Fresh Dill Yogurt Potato Salad

Fresh Dill Yogurt Potato Salad

Easy and family pleasing for your next backyard cookout; yogurt and dill combine for a delicious dressing.

Prep Time

30

Minutes

Total Time

1:30

Hr:Mins

Makes

8

servings

Salad
4
unpeeled medium red potatoes (about 1 1/ 2 lb), diced
1/3
cup sliced celery
1/4
cup chopped red onion
3/4
teaspoon salt
1/8
teaspoon fresh ground black pepper
Dressing
1
container (6 oz) Yoplait® Greek Fat Free plain yogurt
2
tablespoons chopped fresh dill weed or 1 teaspoon dried dill
1
tablespoon honey mustard
  1. In 3-quart saucepan, place potatoes. Add water just to cover. Heat to boiling; reduce heat to low. Cover and boil gently (simmer) 5 to 8 minutes or just until potatoes are fork-tender.
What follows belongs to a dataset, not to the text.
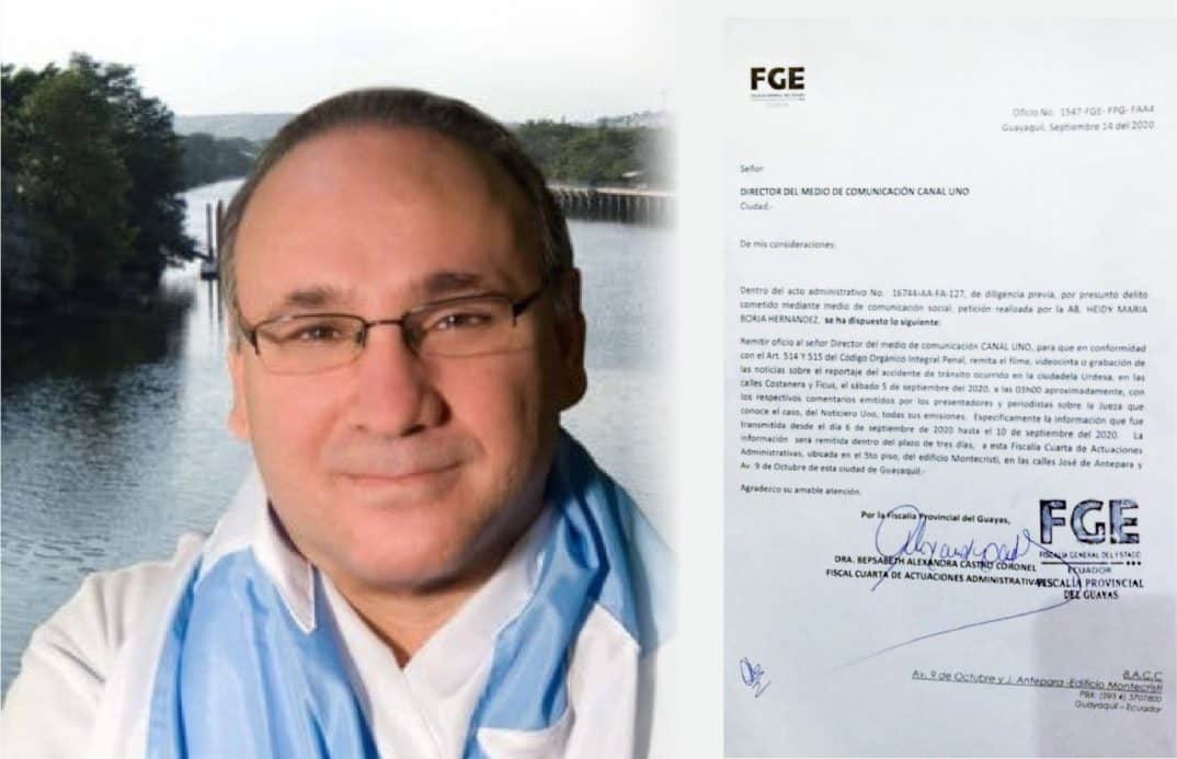 Ecuador, 22 de septiembre. La jueza Heidy María Borja Hernández solicitó a Canal UNO, a través de la Fiscalía del Guayas, que remita las grabaciones sobre las noticias y comentarios de los periodistas emitidos entre el 6 y 10 de septiembre sobre el reportaje del accidente de tránsito ocurrido el 5 de septiembre en Urdesa y que produjo la muerte de Roberto Malta, luego de una semana del suceso.

Drain; rinse with cold water until cool.
  2. In large bowl, mix potatoes and remaining salad ingredients. In small bowl, mix dressing ingredients. Pour dressing over salad; mix gently. Refrigerate 1 hour.
Makes 8 servings (1/2 cup each)
Make the Most of This Recipe With Tips From The Betty Crocker® Kitchens
Make Ahead
Prepare this potato salad a day ahead; cover and refrigerate. Just before serving, moisten with 1 to 2 tablespoons milk, if necessary.
Substitution
You can use Yukon Gold potatoes instead of the red potatoes.

Nutrition Information:

1 Serving (1 Serving)
  • Calories 90
    • (Calories from Fat 10),
  • Total Fat 1g
    • (Saturated Fat 0g,
    • Trans Fat 0g),
  • Cholesterol 0mg;
  • Sodium 260mg;
  • Total Carbohydrate 17g
    • (Dietary Fiber 2g,
    • Sugars 2g),
  • Protein 3g;
Percent Daily Value*:
    Exchanges:
    • 1 Starch;
    • 0 Fruit;
    • 0 Other Carbohydrate;
    • 0 Skim Milk;
    • 0 Low-Fat Milk;
    • 0 Milk;
    • 1/2 Vegetable;
    • 0 Very Lean Meat;
    • 0 Lean Meat;
    • 0 High-Fat Meat;
    • 0 Fat;
    Carbohydrate Choices:
    • 1;
    *Percent Daily Values are based on a 2,000 calorie diet.